Description of the task:
Leaving out all pictures, retype the records exactly.
====================
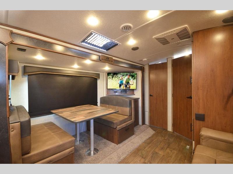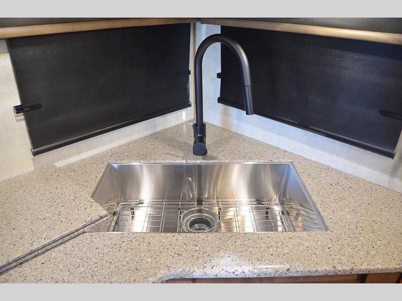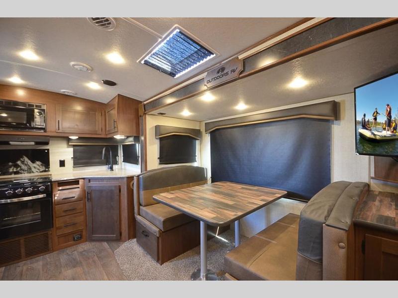 With any Black Stone Mountain Series travel trailer by Outdoors RV you will enjoy climate designed four seasons camping thanks to the thermal pane windows and the fully enclosed, heated, and insulated underbelly. The custom built chassis and rugged integrated A-frame are built for strength and durability, along with the rugged 2" bonded aluminum frame walls. Each model includes LG solid surface countertops, granite designed backsplash, vaulted radius ceilings, and a mountain comfort premium mattress for all-around comfort. You will also love the XL panoramic slide out windows and the dual pane living room skylight with a shade to let natural light in!
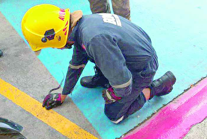Tuxtla Gutiérrez.-La tarde de este lunes, elementos del Cuerpo de Bomberos llevaron a cabo la captura de una serpiente en el estacionamiento de Plaza del Sol, en la capital chiapaneca.
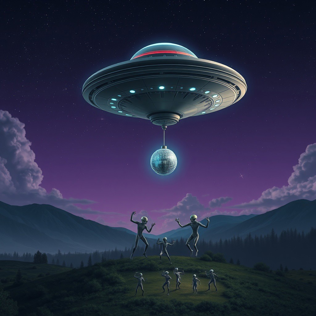 detailed, high resolution, 4k, UFO, alien space ship, a UFO is hovering in sky, night, clouds, dark purple sky, stars, big stars, small stars, nebula, UFO is glowing blue slightly, UFO is dangling a disco ball, disco ball hanging from under the UFO, disco ball is attached by a rope, disco lights, forest, mountains, forest clearing, a bunch of aliens are dancing in the forest clearing, the aliens are having a dance party, aliens are break dancing, dynamic poses, dynamic dance moves, birds eye view, view from above,
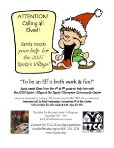Santa needs 4th and 5th grade elves to help with this year’s Santa’s Village!
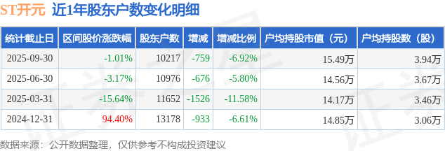 从股价来看,2025年6月30日至2025年9月30日,ST开元区间跌幅为1.01%,在此期间股东户数减少759.0户,减幅为6.92%。
====================
Result of the exercise:
 With any Black Stone Mountain Series travel trailer by Outdoors RV you will enjoy climate designed four seasons camping thanks to the thermal pane windows and the fully enclosed, heated, and insulated underbelly. The custom built chassis and rugged integrated A-frame are built for strength and durability, along with the rugged 2" bonded aluminum frame walls. Each model includes LG solid surface countertops, granite designed backsplash, vaulted radius ceilings, and a mountain comfort premium mattress for all-around comfort. You will also love the XL panoramic slide out windows and the dual pane living room skylight with a shade to let natural light in!
Tuxtla Gutiérrez.-La tarde de este lunes, elementos del Cuerpo de Bomberos llevaron a cabo la captura de una serpiente en el estacionamiento de Plaza del Sol, en la capital chiapaneca.
 detailed, high resolution, 4k, UFO, alien space ship, a UFO is hovering in sky, night, clouds, dark purple sky, stars, big stars, small stars, nebula, UFO is glowing blue slightly, UFO is dangling a disco ball, disco ball hanging from under the UFO, disco ball is attached by a rope, disco lights, forest, mountains, forest clearing, a bunch of aliens are dancing in the forest clearing, the aliens are having a dance party, aliens are break dancing, dynamic poses, dynamic dance moves, birds eye view, view from above,
Santa needs 4th and 5th grade elves to help with this year’s Santa’s Village!
 从股价来看,2025年6月30日至2025年9月30日,ST开元区间跌幅为1.01%,在此期间股东户数减少759.0户,减幅为6.92%。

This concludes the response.